--- Records for the exercise Enclosed Below ---
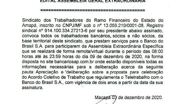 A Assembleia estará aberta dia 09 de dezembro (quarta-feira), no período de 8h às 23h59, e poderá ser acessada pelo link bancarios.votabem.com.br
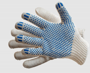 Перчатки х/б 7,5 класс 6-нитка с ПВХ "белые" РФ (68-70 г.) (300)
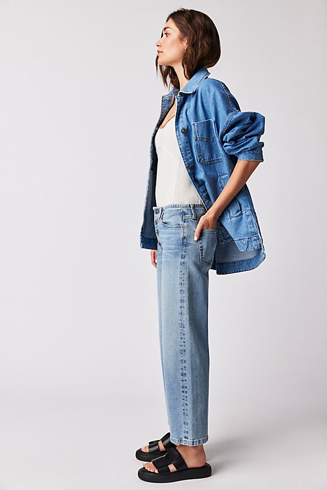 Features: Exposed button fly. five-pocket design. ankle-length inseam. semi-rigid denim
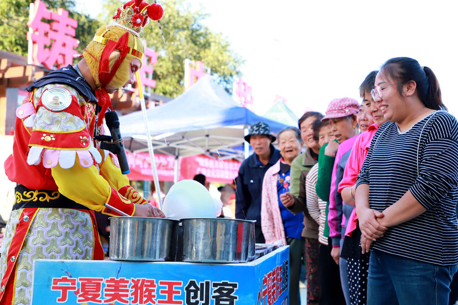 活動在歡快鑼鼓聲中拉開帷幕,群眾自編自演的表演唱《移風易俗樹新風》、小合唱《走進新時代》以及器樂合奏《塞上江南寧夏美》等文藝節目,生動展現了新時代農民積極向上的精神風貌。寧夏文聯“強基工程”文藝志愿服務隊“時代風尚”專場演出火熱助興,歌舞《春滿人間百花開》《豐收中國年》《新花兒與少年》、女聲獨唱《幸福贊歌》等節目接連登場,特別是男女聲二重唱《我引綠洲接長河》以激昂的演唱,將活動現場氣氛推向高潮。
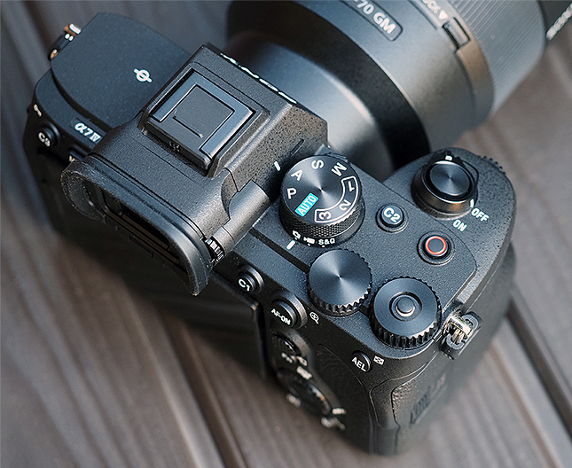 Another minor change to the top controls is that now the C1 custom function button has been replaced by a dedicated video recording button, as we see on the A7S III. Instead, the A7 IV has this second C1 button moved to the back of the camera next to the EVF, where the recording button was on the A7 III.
--- End of Enclosed Records for the exercise ---
--- Records for the exercise Enclosed Below ---
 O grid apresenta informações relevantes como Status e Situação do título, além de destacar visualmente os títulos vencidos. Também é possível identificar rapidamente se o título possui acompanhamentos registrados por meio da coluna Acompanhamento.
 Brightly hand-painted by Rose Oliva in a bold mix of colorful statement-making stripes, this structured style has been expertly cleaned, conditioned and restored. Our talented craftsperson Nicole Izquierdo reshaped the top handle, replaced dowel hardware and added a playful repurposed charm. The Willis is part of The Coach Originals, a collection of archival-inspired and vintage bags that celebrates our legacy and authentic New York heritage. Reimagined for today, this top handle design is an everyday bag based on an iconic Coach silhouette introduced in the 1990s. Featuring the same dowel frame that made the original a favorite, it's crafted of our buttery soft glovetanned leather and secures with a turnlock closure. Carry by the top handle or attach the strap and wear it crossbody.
--- End of Enclosed Records for the exercise ---
--- Records for the exercise Enclosed Below ---
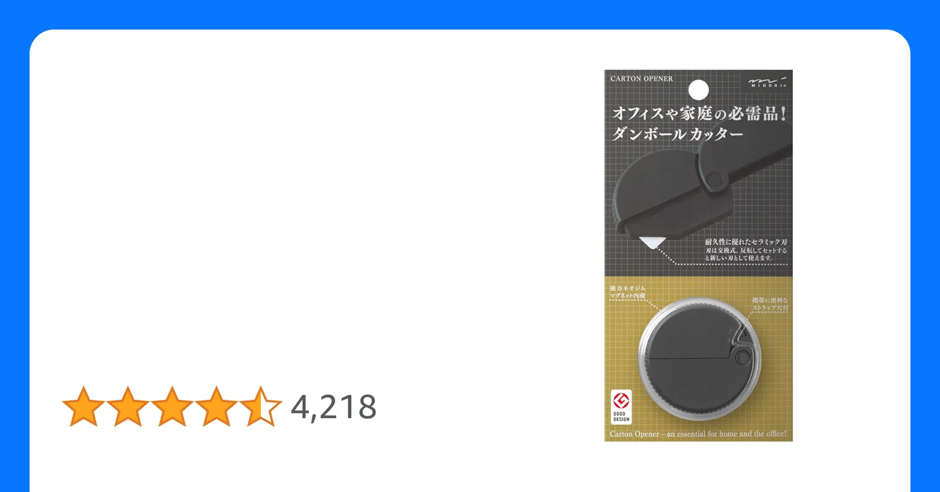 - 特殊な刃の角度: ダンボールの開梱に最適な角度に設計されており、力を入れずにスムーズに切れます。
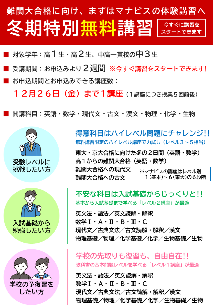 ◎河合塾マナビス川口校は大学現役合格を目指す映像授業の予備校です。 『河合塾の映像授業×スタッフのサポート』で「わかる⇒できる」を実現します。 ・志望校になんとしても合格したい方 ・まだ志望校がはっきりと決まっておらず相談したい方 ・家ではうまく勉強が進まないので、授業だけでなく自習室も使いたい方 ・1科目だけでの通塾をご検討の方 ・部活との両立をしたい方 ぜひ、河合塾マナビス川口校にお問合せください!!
--- End of Enclosed Records for the exercise ---
-- What is expected --
An exact transcription is needed of the lines from the one with "活動在歡快鑼鼓聲中拉開帷幕,群眾自編自演" to the one with "Another minor change" above, both ends included, with pictures left out.

-- Answer below --
 活動在歡快鑼鼓聲中拉開帷幕,群眾自編自演的表演唱《移風易俗樹新風》、小合唱《走進新時代》以及器樂合奏《塞上江南寧夏美》等文藝節目,生動展現了新時代農民積極向上的精神風貌。寧夏文聯“強基工程”文藝志愿服務隊“時代風尚”專場演出火熱助興,歌舞《春滿人間百花開》《豐收中國年》《新花兒與少年》、女聲獨唱《幸福贊歌》等節目接連登場,特別是男女聲二重唱《我引綠洲接長河》以激昂的演唱,將活動現場氣氛推向高潮。
 Another minor change to the top controls is that now the C1 custom function button has been replaced by a dedicated video recording button, as we see on the A7S III. Instead, the A7 IV has this second C1 button moved to the back of the camera next to the EVF, where the recording button was on the A7 III.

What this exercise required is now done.